DRI / Directly Responsible Individual

Apple coined the term “directly responsible individual” (DRI) to refer to the one person with whom the buck stopped on any given project. The idea is that every project is assigned an empowered DRI who is ultimately held accountable for the success (or failure) of that project.

https://www.quora.com/How-well-does-Apples-Directly-Responsible-Individual-DRI-model-work-in-practice

Issues, proposed changes, etc should be raised directly with the DRI; the DRI’s decision is final - however, the DRI must effectively communicate and document the reasons, goals, and subsequent lessons for any changes implemented.
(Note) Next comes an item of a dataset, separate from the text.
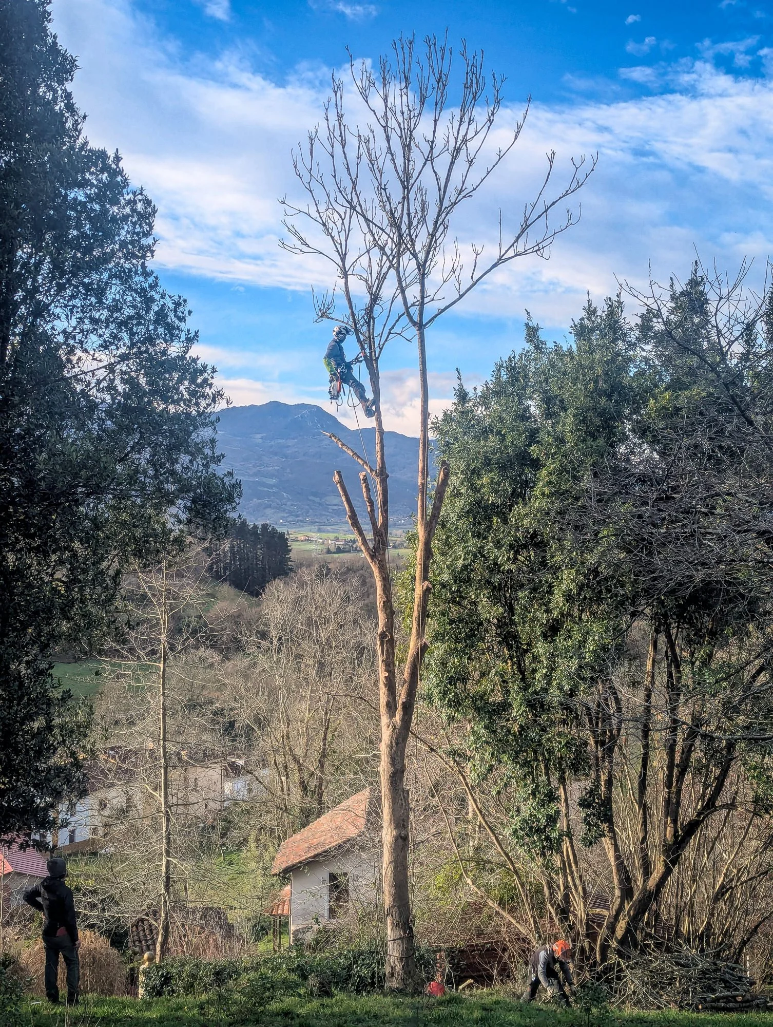 And for once, I enlisted the professionals. I’ll turn my hand to most things but felling two dead/dying trees, both 50 feet tall, one hanging over a sitting area, the other a power line, is probably beyond me. I was briefly tempted to get a friendly neighbour with a tractor, a chainsaw and a long rope to have a crack at the job but thought twice. Discretion being the better part of valour, and all that.

Every initiative will have a DRI

Sprint Sovereign

The Sprint Sovereign runs (i.e. is the DRI for) Tapas as well as Retro 👉 and Backlog👉 sessions.

Sovereign rotates every 2 weeks throughout every member of the team. You’re encouraged to volunteer, otherwise a random name will be picked via Slackbot

Changelog

Changes to ways-of-working (standup, retro, backlog, toolkit, etc) are documented in a changelog 👉.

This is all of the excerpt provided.